Vor genau vier Wochen trafen der SVD und der FCK schon einmal am Bölle aufeinander, allerdings nur für 45 Minuten. Als Gästetrainer Jeff Strasser in der Halbzeitpause mit Herzproblemen ins Krankenhaus eingeliefert wurde, war die Partie beendet. Beide Fanlager nahmen die Nachricht vom Abbruch der Partie mit Applaus entgegen. An der sportlichen Ausgangslage hat sich seither für Schlusslicht Kaiserslautern nicht viel geändert, die Lilien stehen hingegen nach drei Niederlagen infolge auf dem anderen Abstiegsplatz.

So sieht’s aus:

Bescheiden. Erneut standen die Lilien am Wochenende mit leeren Händen da. In Bielefeld trat die Elf im Gegensatz zur Partie in Bochum verbessert auf, überzeugend allerdings noch lange nicht. In einer sehr intensiven und körperbetonten Begegnung gingen die Arminen fast schon britisch zu Werke. Die Tore erzielten sie durch schnelles Umschaltspiel. Eine spielerische Variante, mit der die 98er im Vorwärtsgang selbst nach wie vor fremdeln. Bielefeld trat im Endeffekt so auf, wie der SVD in seiner Aufstiegssaison vor drei Jahren. Eine schnörkellose Führung wird rustikal verteidigt und der Kontrahent findet dagegen so recht kein Konzept.

Wenn man die Lilien so betrachtet, dann sind die Offensivaktionen in erster Linie eines: Bemüht! In den letzten sieben Spielen erzielten sie lediglich vier Treffer. Und hinten kriegen sie es einfach nicht hin, die Null zu halten. Zuletzt musste Daniel Heuer Fernandes gegen Duisburg, Bochum und Bielefeld je zweimal den Ball aus dem Netz holen.
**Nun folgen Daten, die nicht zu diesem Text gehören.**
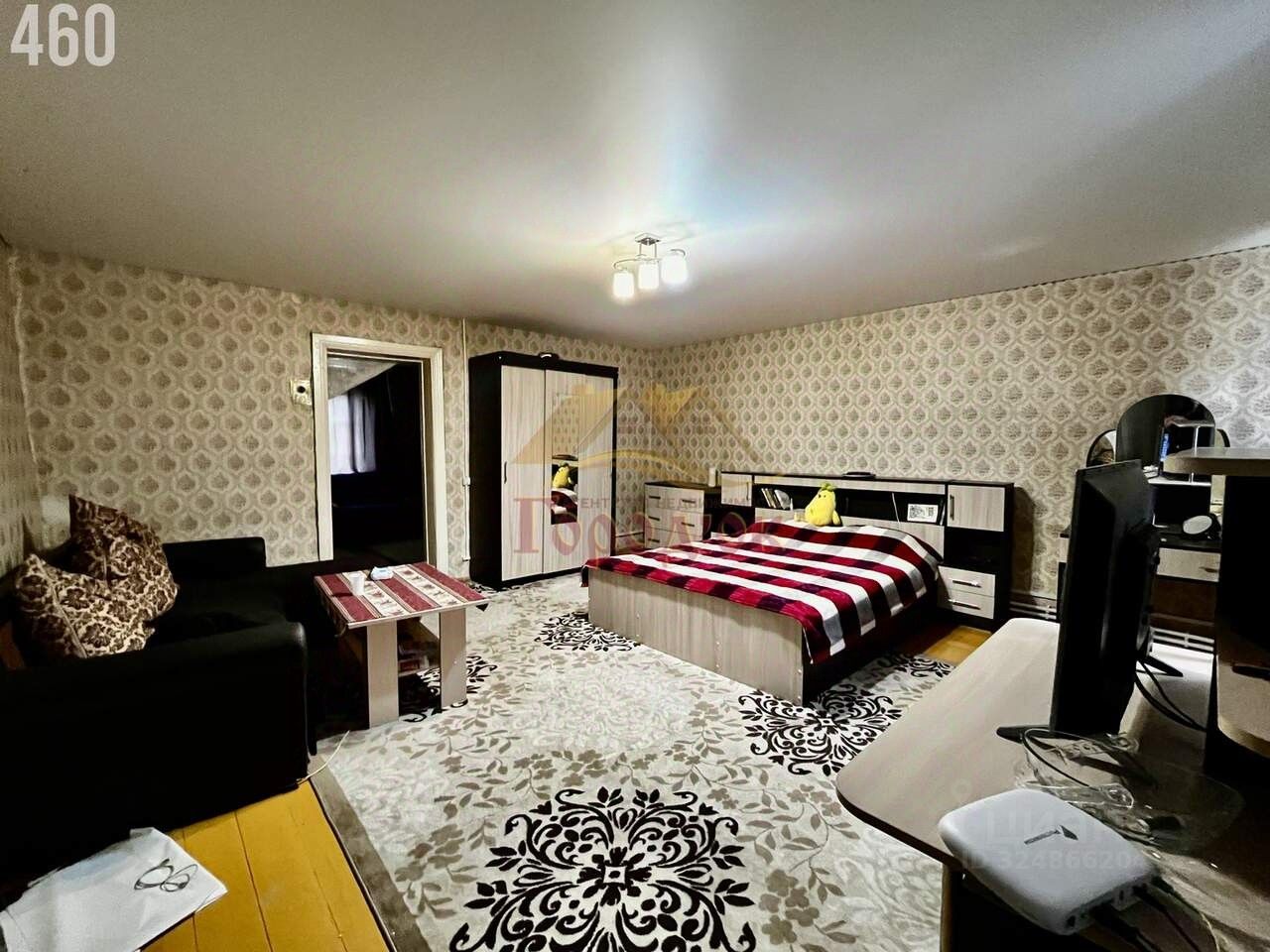 Квартира в одноэтажном доме: имеется большая жилая комната, кухня-гостиная, коридор, чулан с большим сухим погребом.

Das regelmäßige Hinterherlaufen eines Rückstandes ist Gift für das Selbstvertrauen und das Spiel der 98er. Selbst wenn sie in Bielefeld nach dem Pausenpfiff das Heft in die Hand nahmen, so richtig zwingend wirkt das Spiel nach vorne nur selten.

Gegen Kaiserslautern winkt ein Abnutzungskampf, bei dem es gilt einen Rückstand zu vermeiden. Dabei wird Kapitän Aytac Sulu nicht mithelfen können. Der Innenverteidiger holte sich in Bielefeld seine fünfte Verwarnung ab. Derweil übt sich der Klub im Schulterschluss mit seinen Fans. Gemeinsam soll der Abstiegskampf leidenschaftlich und erfolgreich geführt werden. Der Appell ist in der Deutlichkeit in zweierlei Hinsicht zu verstehen. Zum einen sind die Zeichen der Zeit überdeutlich! Wer am Mittwoch das Feld als Verlierer verlässt, dem gehen im Abstiegskampf fürs Erste die Argumente aus. Mehr Schlüsselspiel geht nicht. Gegen Lautern soll das Bölle deshalb zum „Hexenkessel“ werden. Zum anderen ist der Appell wohl eine Reaktion auf vereinzelte Ausfälligkeiten mitgereister Fans nach dem Schlusspfiff in Bielefeld. Ich gehe davon aus, dass sich die Fans nicht zweimal bitten lassen werden, ihre verunsicherte Elf am Mittwoch lautstark zu supporten. Alles ist also angerichtet, für ein spannendes Match unter Flutlicht!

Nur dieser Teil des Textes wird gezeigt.